Goal of the exercise |
Leaving out all pictures, write out word for word the lines from the one containing "Make the most" to the end of the data below.

Top of Dataset section

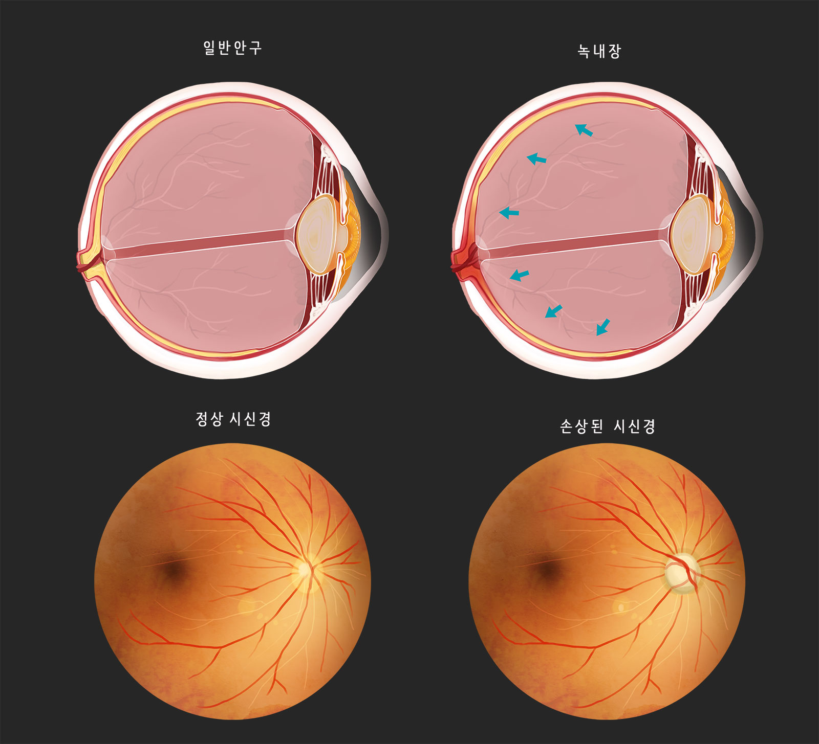 녹내장은 주로 안압 상승으로 인해 시신경이 손상되면서 점차 시야가 좁아지고, 방치할 경우 실명에 이르는 질환이지만 보통 안압이 정상이어도 시신경 손상이 진행되는 ‘정상안압녹내장’도 매우 흔해, 단순히 안압 수치만으로 안심할 수 없습니다.
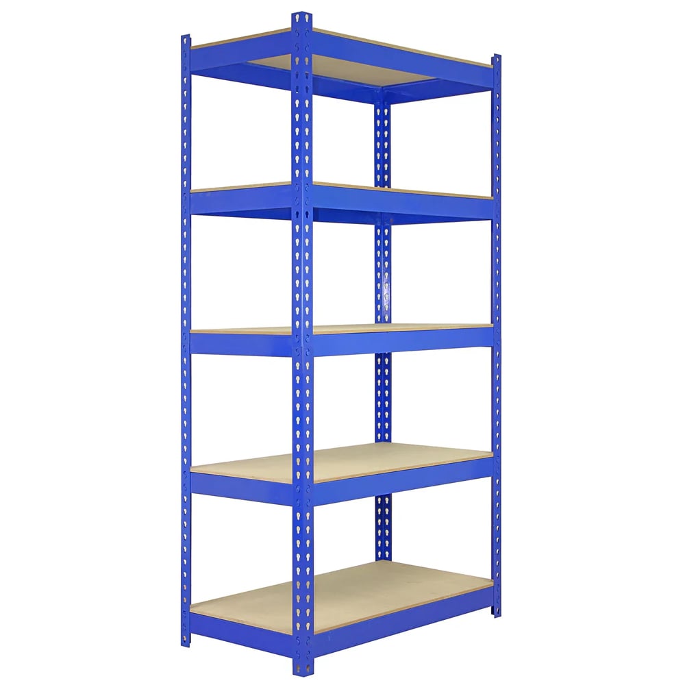 Make the most of your space with the Monster Shop Q-Rax Blue Metal Racking Units 182.5 x 90 x 50cm 5 Pack. These five blue warehouse racking units is are incredibly easy to assemble. They are 100% boltless and have extra depth compared to the industry's standard shelving, measuring H182.5 x W90 x D50cm. The excellent keyhole mechanism ensures flawless assembly and solid MDF boards are used for all shelves. The racking units also have moulded feet for added sturdiness, with a weight tolerance of 200kg per shelf for evenly distributed loads. All you need to assemble them is a rubber mallet. They are perfect for storing tools and maximizing useful storage space.
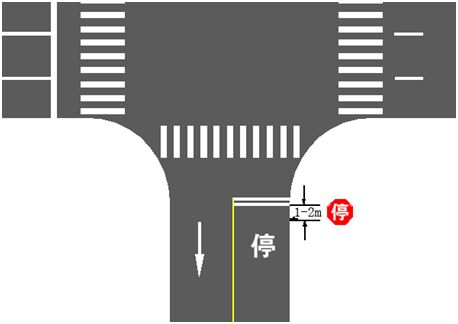 5、停車讓行標志一般設(shè)置在交叉口需要車輛停車的停止線前1~2m處,并不妨礙交叉口通視三角區(qū)視距。

Bottom of Dataset section

Exercise answer |
 Make the most of your space with the Monster Shop Q-Rax Blue Metal Racking Units 182.5 x 90 x 50cm 5 Pack. These five blue warehouse racking units is are incredibly easy to assemble. They are 100% boltless and have extra depth compared to the industry's standard shelving, measuring H182.5 x W90 x D50cm. The excellent keyhole mechanism ensures flawless assembly and solid MDF boards are used for all shelves. The racking units also have moulded feet for added sturdiness, with a weight tolerance of 200kg per shelf for evenly distributed loads. All you need to assemble them is a rubber mallet. They are perfect for storing tools and maximizing useful storage space.
 5、停車讓行標志一般設(shè)置在交叉口需要車輛停車的停止線前1~2m處,并不妨礙交叉口通視三角區(qū)視距。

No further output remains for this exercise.